Born at Cluzel-Saint-Èble, Bouillé served in the Seven Years' War (1756–1763), and as governor in the Antilles conducted operations against the British in the American War of Independence during which he captured Sint Eustatius in the Caribbean. On his return to France, he became governor of the Three Bishoprics, of Alsace and of Franche-Comté.
Bouillé (who was the cousin of the prominent revolutionary Lafayette) was hostile to the French Revolution of 1789; he had continual quarrels with the municipality of Metz, and suppressed the military insurrections at Metz and Nancy. He became Commander in Chief of the Army of the Meuse, Sarre and Moselle in 1790.

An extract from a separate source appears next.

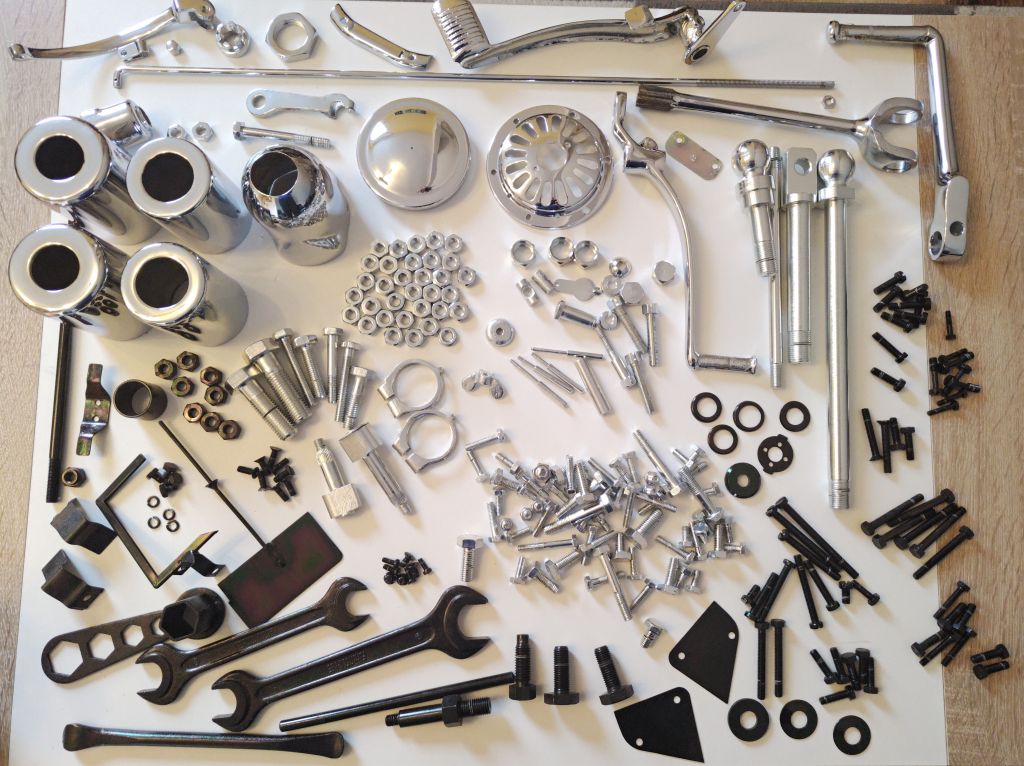 "diverse Teile: entfettet, entzinkt/entlackt, verzinkt und schwarz chromatiert"

He then proposed to King Louis XVI that the royal family should take refuge in the frontier town of Montmédy from where an appeal could be made to other nations against the revolutionaries. This project failed as a result of Louis XVI's arrest, on his flight to Varennes, on 21 June 1791. He is the "Bouillé" alluded to in the 5th stanza of the French national anthem, La Marseillaise, as a detestable counter-revolutionary figure:
Original English translation - Français, en guerriers magnanimes,
- Portez ou retenez vos coups !
- Épargnez ces tristes victimes,
- À regret s'armant contre nous. (bis)
- Mais ces despotes sanguinaires,
- Mais ces complices de Bouillé
- Tous ces tigres qui, sans pitié,
- Déchirent le sein de leur mère!
- Frenchmen, as magnanimous warriors,
- Bear or hold back your blows!
- Spare these sorry victims,
- Arming against us with regrets. (repeat)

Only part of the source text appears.